# Rarity of Haplochromis sp. "Uganda Fire Red"



## triscuit (May 6, 2005)

I am much more familiar with my Lake Tanganyikan cichlids but have just brought home a group of Haplochromis sp. "Uganda Fire Red" There isn't much information available on line. How rare are these fish? Is there another name for them? Did I accidentally get a group of really neat fish when I was just trying to find inexpensive hosts for my S. multipunctatus?


----------



## LadyBarbara001 (Sep 8, 2008)

Try the name Paralabidochromis sp. "Fire" or "Fire red Uganda." You might get more hits.

I love mine. I think the males are absolutely stunning, and I enjoy them very much. They are fairly rare.


----------



## Darkside (Feb 6, 2008)

triscuit said:


> I am much more familiar with my Lake Tanganyikan cichlids but have just brought home a group of Haplochromis sp. "Uganda Fire Red" There isn't much information available on line. How rare are these fish? Is there another name for them? Did I accidentally get a group of really neat fish when I was just trying to find inexpensive hosts for my S. multipunctatus?


Its always good to put your multies with fish you want to keep so that you're happy regardless of spawns. :lol:


----------



## triscuit (May 6, 2005)

Yeah... I realized that after having many, many spawns of P. saulosi that became cyp snacks. Of course, if these Vics are really neat, I may have to make room for their fry as well! doh!

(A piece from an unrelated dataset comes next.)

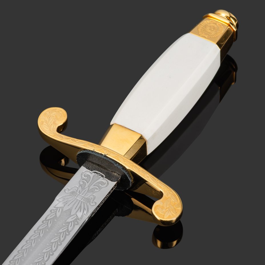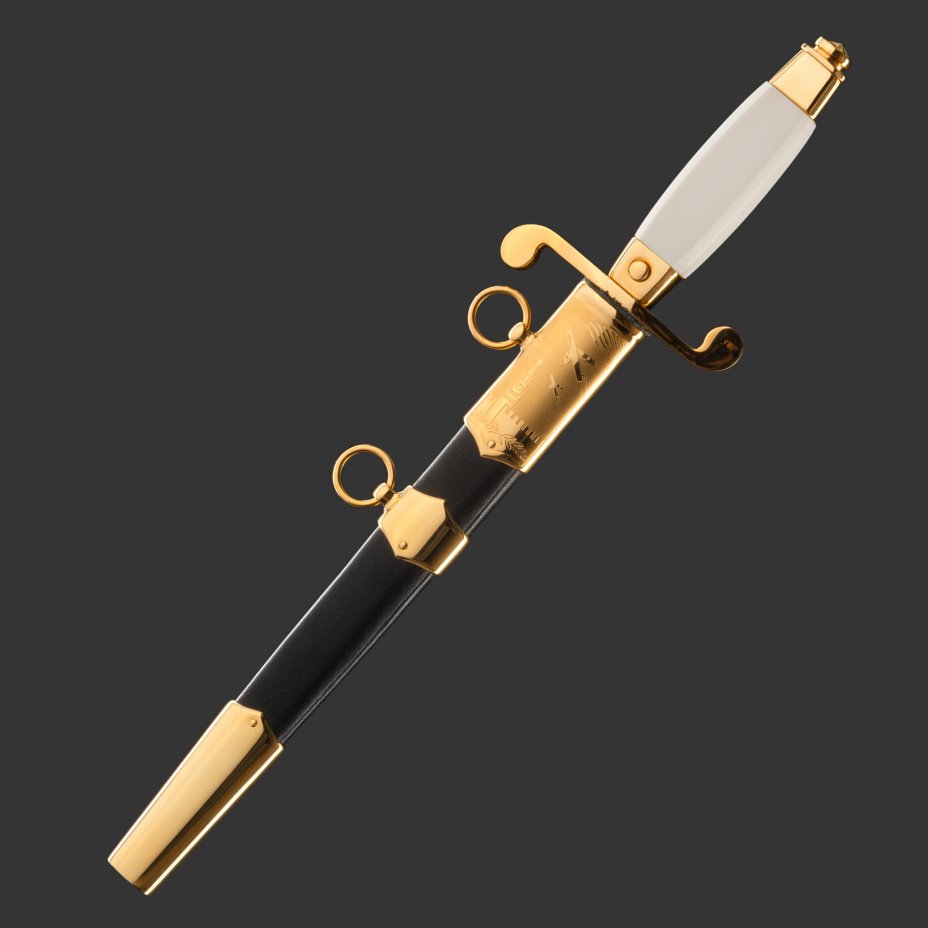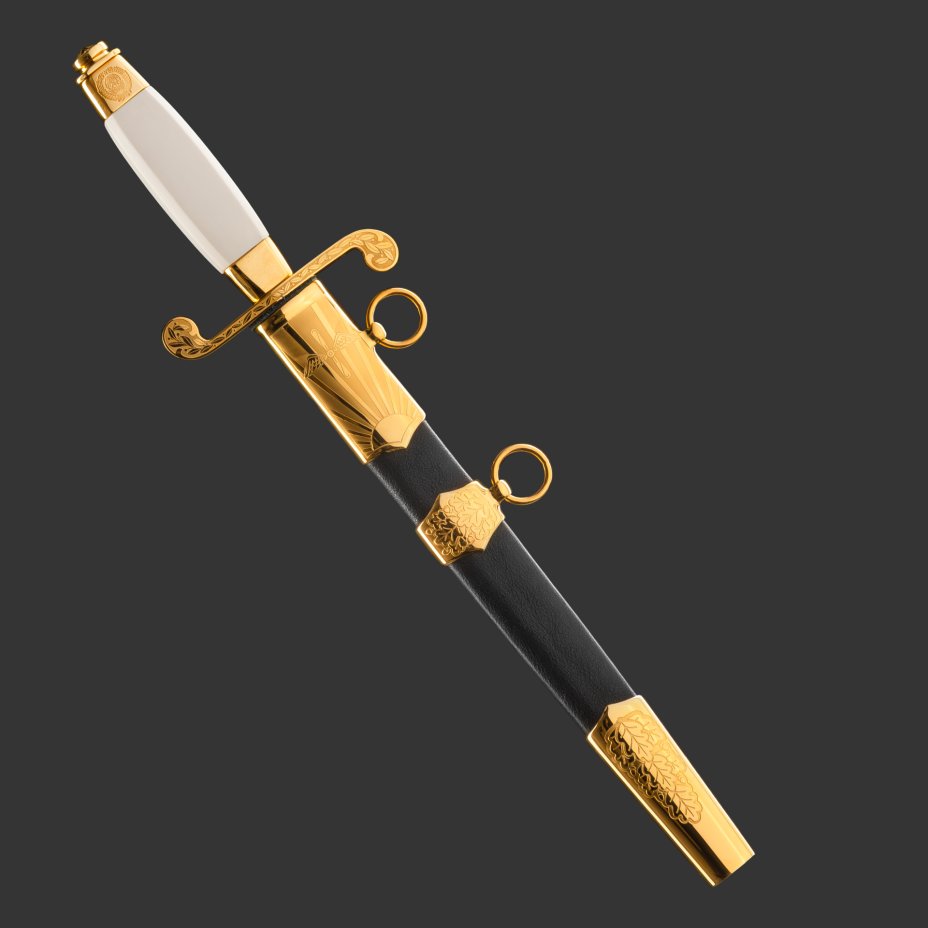 Кортик офицерский "ВВС", сталь, латунь, дерево, черная кожа, неолейкорит, золочение; в деревянном подарочном коробе с бархатным ложементом, Российская Федерация, 2024 г.

Yes, the Paralabidochromis sp. "Fire" brought up quite a bit more information. :thumb: Let's see if I understand this... many of the Vics were classified as haplochromines, but now the genus has been split up into several more specific genera? Paralabidochromis is the newer designation?


----------



## LadyBarbara001 (Sep 8, 2008)

triscuit said:


> Yes, the Paralabidochromis sp. "Fire" brought up quite a bit more information. :thumb: Let's see if I understand this... many of the Vics were classified as haplochromines, but now the genus has been split up into several more specific genera? Paralabidochromis is the newer designation?


Yes, you have it exactly. You will often see a species listed at Haplochromis "whatever" when the species has a different genus now. One more interesting thing about figuring out what you have.


----------



## samaki (Oct 25, 2002)

Hi Well I have to say that nowadays, in the most scientits papers from Europe, the genus Haplochromis is a generic genus, many of the people from leiden university don't want to use the Greenwood sub genus as paralabidochromis. These genera are non used today and yu'll see Haplochromis because of the simplicity of its use.
xris


----------